July and August 2013 I'll call the “Recess! Stay&Play” period. Due to vacation days and all that, final configuration will not be achieved till later this summer. So sharptail is open for ssh access during this time. You may run whatever you want directly on these nodes. There is no scheduler. Your on your own. You can also ssh to the nodes from sharptail. I've advised the unix admins to not help out with any problems (they are busy enough) and the configuration is still foreign to me. So help each other out if possible.
Sharptail is slated to become our file server for /home taking over from greentail. Cut over will be last step before going into production. Meanwhile the first sync from greentail to sharptail is about to finish but refreshes will happen. When a refresh happens:
So it's important that if you want to keep stuff on sharptail you need to copy that to greentail before a refresh happens. I suggest you create a ~/sharptail directory and work inside of that on sharptail. You can transfer files like so:
So in short, in the future, sharptail:/home is our active file system while greentail:/home will become say greentail:/home_backup (inactive). They will be kept in sync and rsnapshot'ed on both disk arrays so we have a better backup/restore strategy.
Sharptail will provide the users (and scheduler) with another 5 TB scratch file system. During this period it is only provided to the sharptail nodes (n33-n37). In the future it will provide this file system to all nodes except greentail nodes (n1-n32).
Without a scheduler jobs may clash, too many jobs may be running. To avoid that you need to find idle cores before you start jobs. This can be done for idle CPU cores and GPUs.
To find idle CPU cores, ssh to a node, start 'top' then press number one '1' … the display shows one line per core. These cores are all idle. You can submit jobs.

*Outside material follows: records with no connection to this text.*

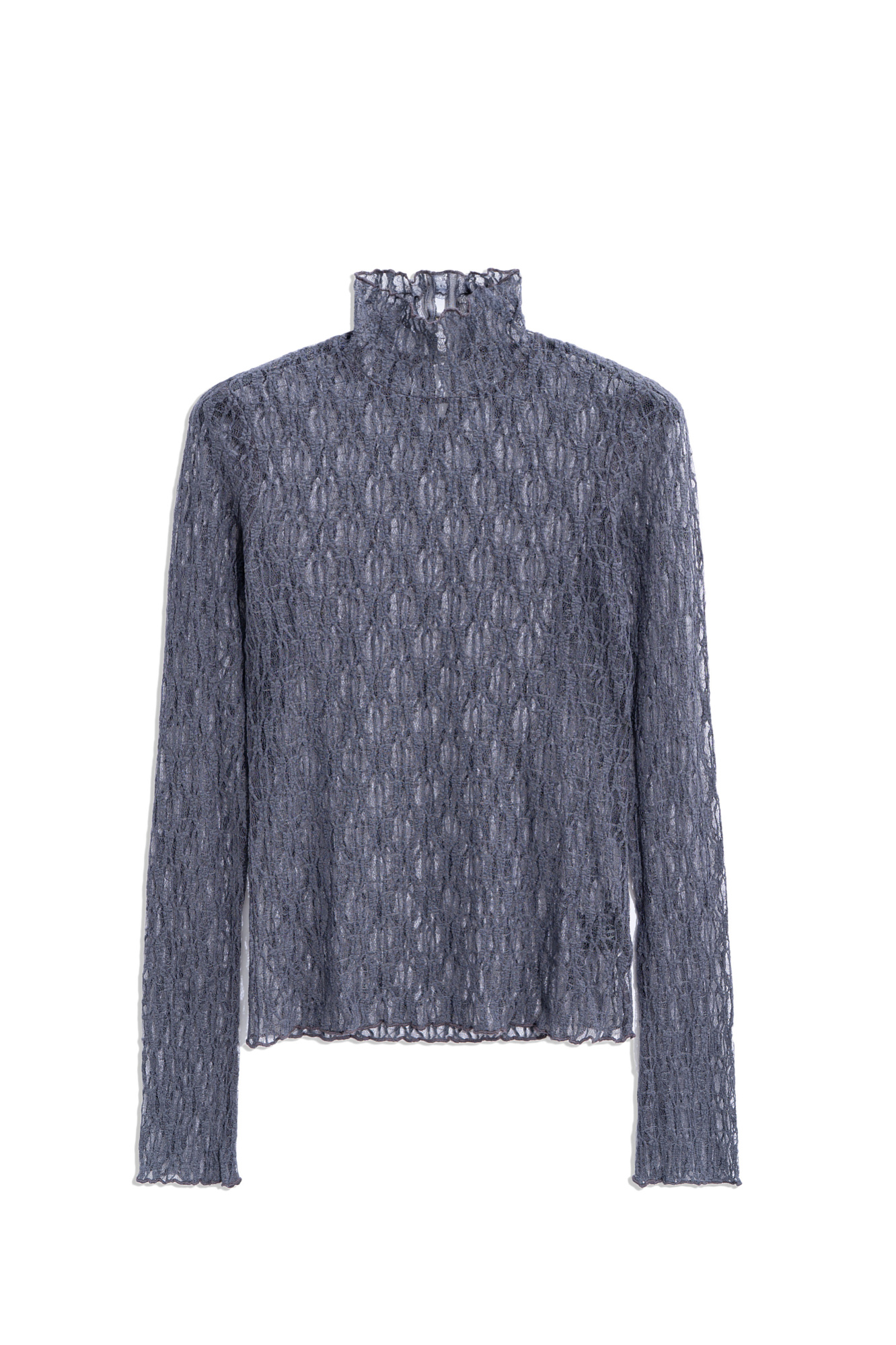 Топ из полупрозрачного кружева. Модель с длинными расклешенными к манжетам рукавами и воротником-стойкой с пуговицами. Изделие без подкладки.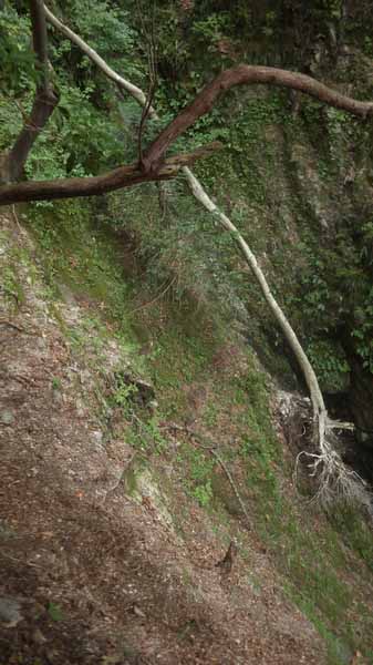 前はしっかりしていた道だったが、最近は砂が流れ荒れてきていて、あそこ、落ちたら沢床まで10mでは利かない高低差があって結構危なっかしく見える。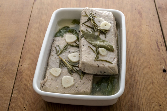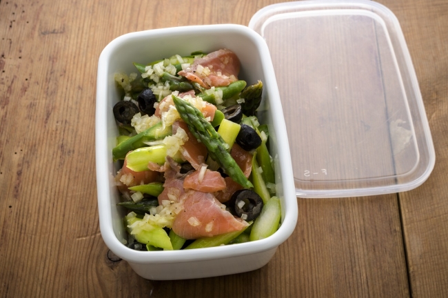 ▼「アスパラガスとサーモンのマリネ」は食べる時は自然解凍する
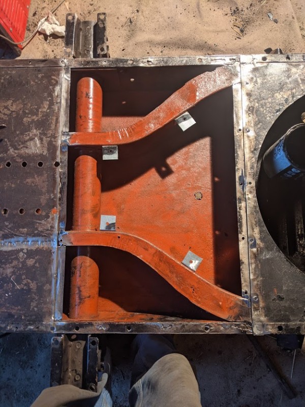 Après décoquage, on s'est rendu compte que la nouvelle tôle de châssis avaient été rivetée sur la précédente :non: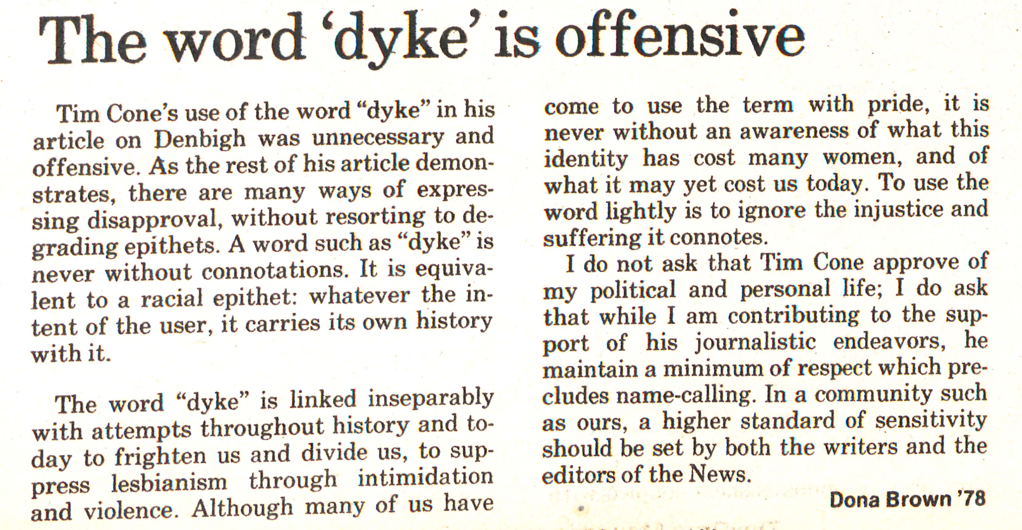“The word 'dyke' is offensive,” That Which is Renamed, but Always Remains: An Archival Representation of Queer History at Haverford College, accessed December 13, 2025, https://ds-omeka.haverford.edu/remainhaverford/items/show/1207.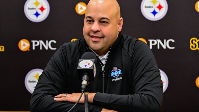 Pittsburgh Steelers general manager Omar Khan during the 2025 NFL Draft on April 26, 2025. — Ed Thompson / Steelers Now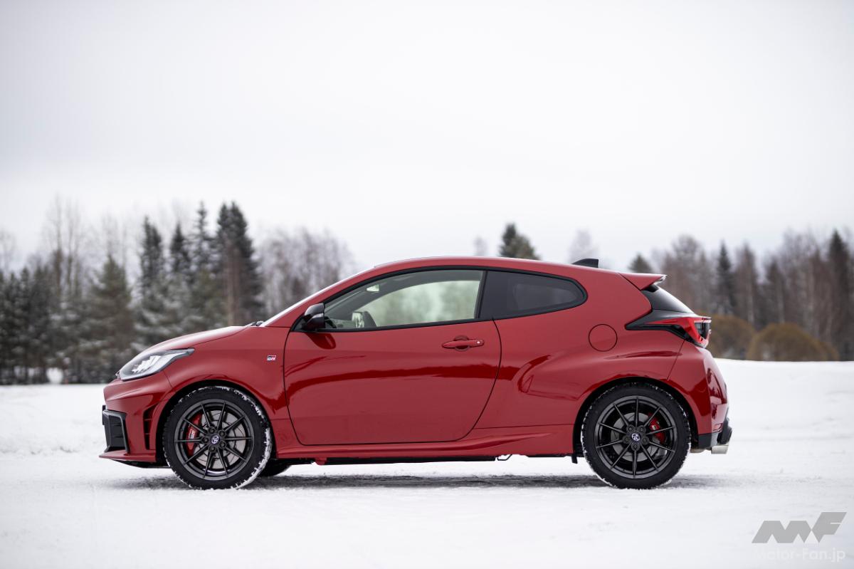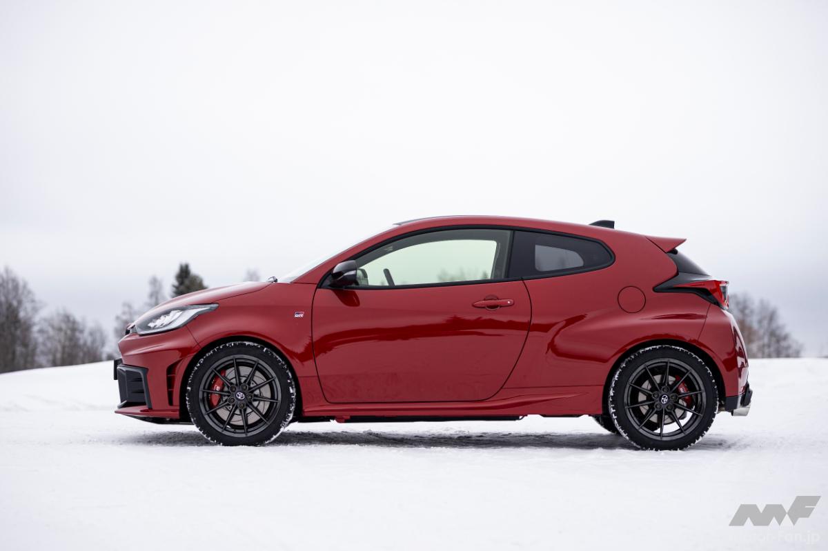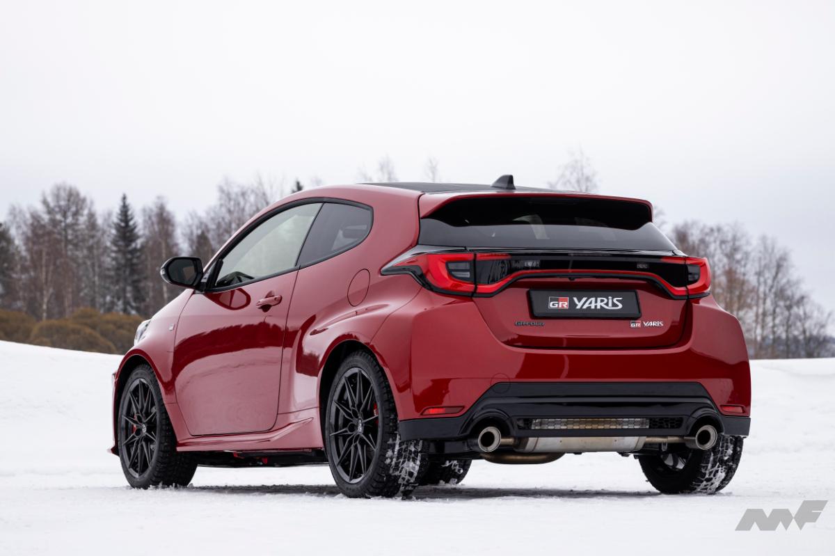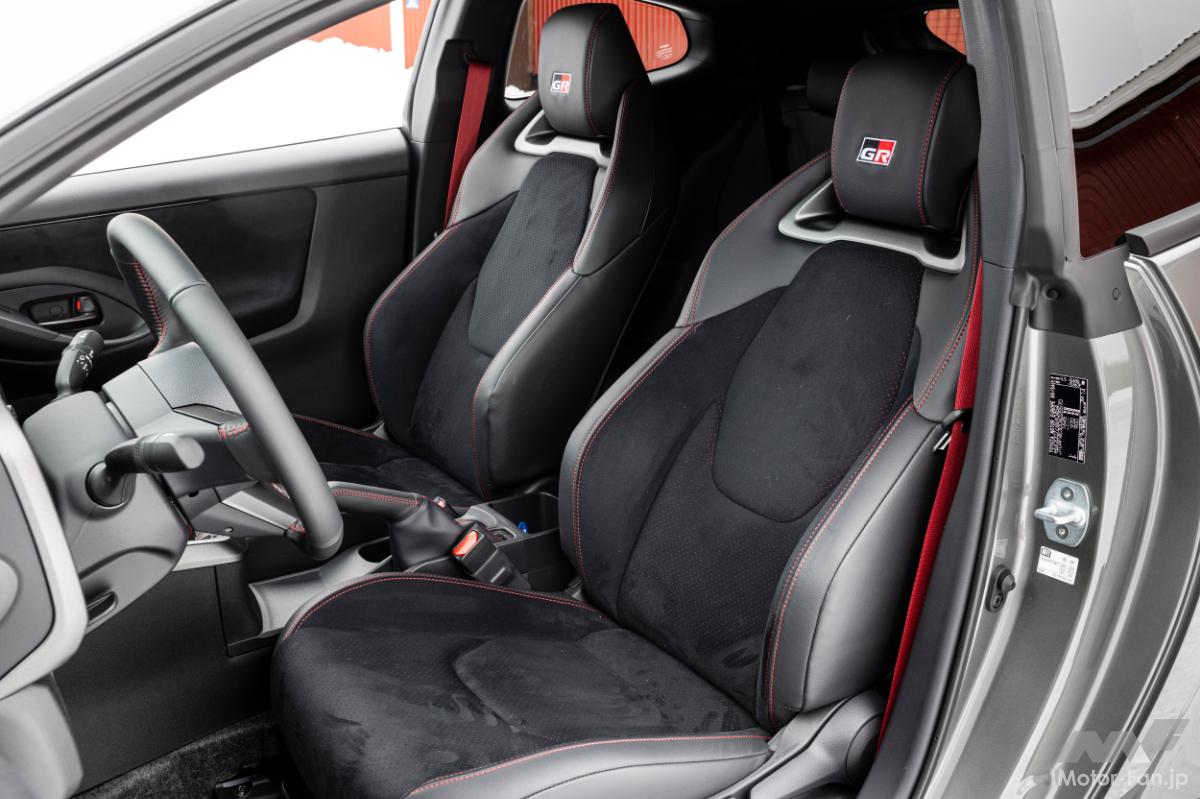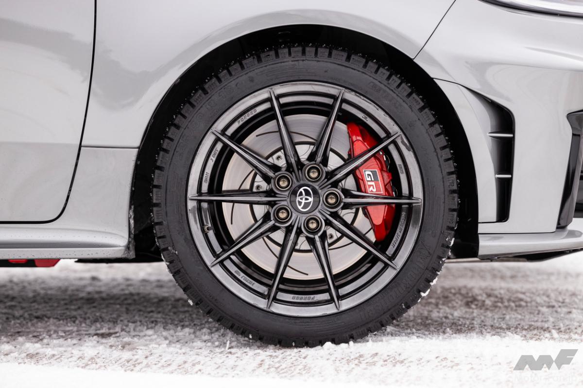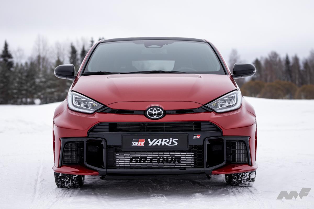 GRヤリスの軽量ボディは、スポット溶接を約13%増やし、構造用接着剤を約24%増量することで、剛性をさらに高めている。その結果、ヨーレスポンス、ステアリングフィードバック、グリップフィールが向上し、もともと張りのある、乗り応えのあるシャシーに仕上がっている。フロントはマクファーソンストラット、リアはトレーリングアーム付きダブルウィッシュボーンという軽量かつ高剛性なサスペンションシステムはそのままに、競技ドライバーからのフィードバックを受けて調整が行われた。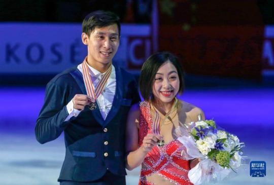 2017年3月30日,隋文靜(右)/韓聰在芬蘭赫爾辛基舉行的2017年花樣滑冰世錦賽雙人滑比賽頒獎(jiǎng)儀式上。新華社發(fā)(馬蒂凱寧攝)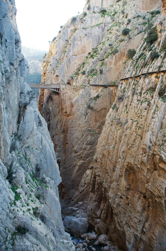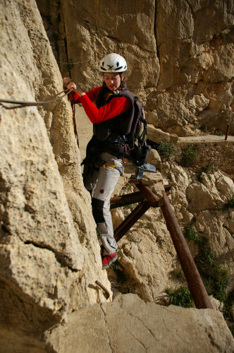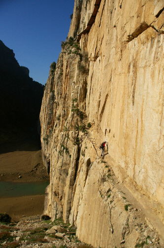 Ansonst gibts zu El Chorro viel zu erzählen, aber besser ist einfach hinfliegen. Der Fels ist super, aber die Routen beginnen ehr so ab 6a - 6c. Zum Aufwährmen hier und da mal ein paar IVer und Ver. Aber traumhaft Umgebung und Kletterei. Vor allem der "Camino del Rey", ein alter Weg durch die Schlucht und jetzt als Klettersteig zu begehen. Die Drahtseile sind aber überwiegend dazu da, dass falls der Weg unter einem wegbricht man nicht hinterher fliegt.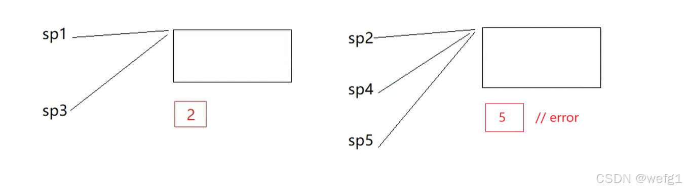 - shared_ptr 引用计数支持拷贝,需要拷贝的场景,就使用它。但是要小心构成循环引用,循环引用会导致内存泄漏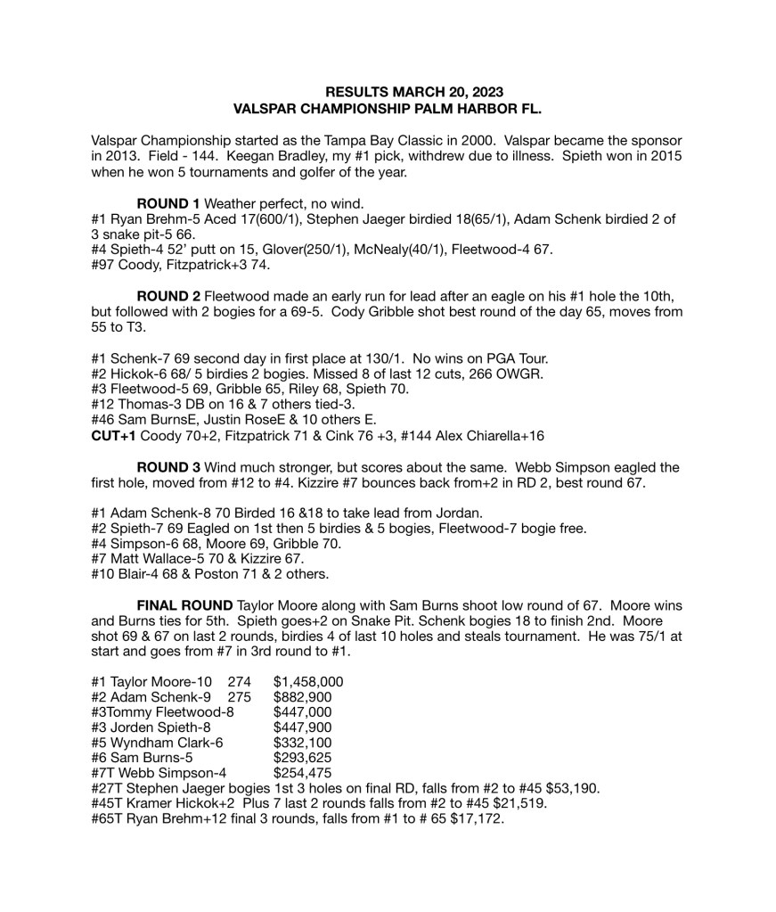 FINAL ROUND Taylor Moore along with Sam Burns shoot low round of 67. Moore wins and Burns ties for 5th. Spieth goes+2 on Snake Pit. Schenk bogies 18 to finish 2nd. Moore shot 69 & 67 on last 2 rounds, birdies 4 of last 10 holes and steals tournament. He was 75/1 at start and goes from #7 in 3rd round to #1.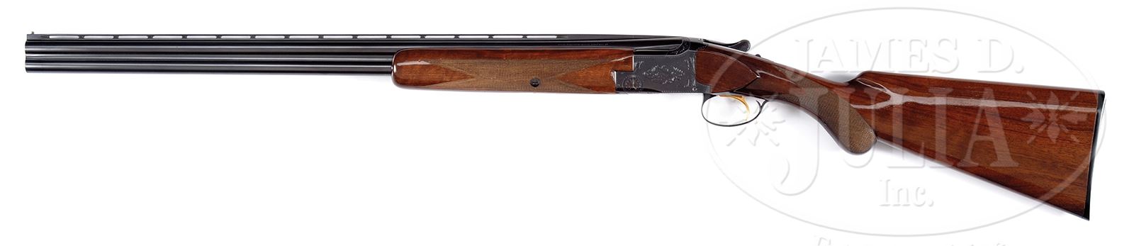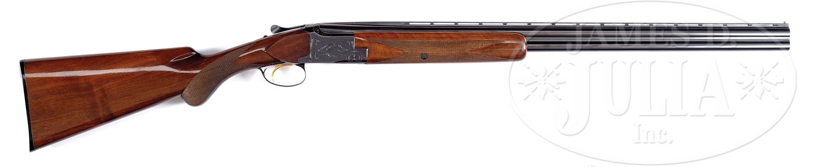 *20 GAUGE BROWNING SUPERPOSED LONG TANG ROUND KNOB GRADE 1 “LIGHTNING”.SN 26852V2. Cal. 20 ga. ca.1962. 3″ Chambers. 26-3/8″ Bbls are marked for IC and mod, and are fitted with narrow, ventilated rib with silver bead. Bbls are marked with Browning St. Louis and Montreal addresses, as well as steel and chamber info on left, and with patent info and “MADE IN BELGIUM” on right. Standard blued superposed action is engraved with typical grade 1 flourishes of scroll, and is fitted with gold-plated sgl selective trigger. Slightly figured American walnut long tang round knob buttstock measures 14″ over Browning composition buttplate. Standard checkering is at grip. Matching forend is of field type. Bore diameter: top -.619, bottom -.619. Bore restrictions: top -.015 (mod), bottom -.008 (IC). Drop at heel: 2-1/4″, drop at comb: 1-1/2″. Weight: 6 lbs 4 oz. LOP: 14″. CONDITION: Excellent, appears near new, with only a hint of sharp edge wear on factory finishes on metal, and with several minor marks in gloss finish of wood. Gold is excellent, with some rubs from trigger plate. Mechanically crisp. 49033-18 MGM254 (2,000-3,000) – Lot 2098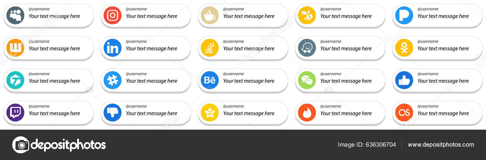 Card Style Follow Social Media Platform Icon Set Custom Message Stock

top - 10:20:47 up 2 days, 55 min, 3 users, load average: 0.04, 0.01, 0.00 Tasks: 766 total, 1 running, 765 sleeping, 0 stopped, 0 zombie Cpu0 : 0.0%us, 0.7%sy, 0.0%ni, 99.3%id, 0.0%wa, 0.0%hi, 0.0%si, 0.0%st Cpu1 : 0.0%us, 0.0%sy, 0.0%ni,100.0%id, 0.0%wa, 0.0%hi, 0.0%si, 0.0%st Cpu2 : 0.0%us, 0.0%sy, 0.0%ni,100.0%id, 0.0%wa, 0.0%hi, 0.0%si, 0.0%st Cpu3 : 0.0%us, 0.0%sy, 0.0%ni,100.0%id, 0.0%wa, 0.0%hi, 0.0%si, 0.0%st Cpu4 : 0.0%us, 0.0%sy, 0.0%ni,100.0%id, 0.0%wa, 0.0%hi, 0.0%si, 0.0%st ...
To find idle GPU cores, ssh to a node, then type 'gpu-info'. The display shows idle GPUs if present.
[hmeij@n33 bin]$ gpu-info ==================================================== Device Model Temperature Utilization ==================================================== 0 Tesla K20m 25 C 0 % 1 Tesla K20m 27 C 0 % 2 Tesla K20m 25 C 0 % 3 Tesla K20m 25 C 0 % ====================================================
In both cases you do not need to target any specific core, the operating system will handle that part of the scheduling.
With hyperthreading on the 5 nodes, it provides for 160 cores. We need to reserve 20 cores for the GPUs (one per GPU, 4 per node), and lets reserve another 20 cores for the OS (4 per node). That still leaves 120 cores for regular jobs like you are used to on greentail. These 120 cores (24 per node) will show up later as a new queue on greentail/swallowtail; one that is fit for jobs that need much memory. On average 256 gb per node minus 20 gb for 4 GPUs minus 20 gb for OS leaves 5.6 gb per core
.
So since there is no scheduler, you need to setup your environment and execute your program. Here is an example of a program that normally runs on the imw queue. If your program involves MPI you need to be a bit up to speed on what the lava wrapper actually does for you.
First create the machinesfile, set up your environment by sourcing the appropriate files, submit your program, and monitor the parallel jobs starting using 'top'.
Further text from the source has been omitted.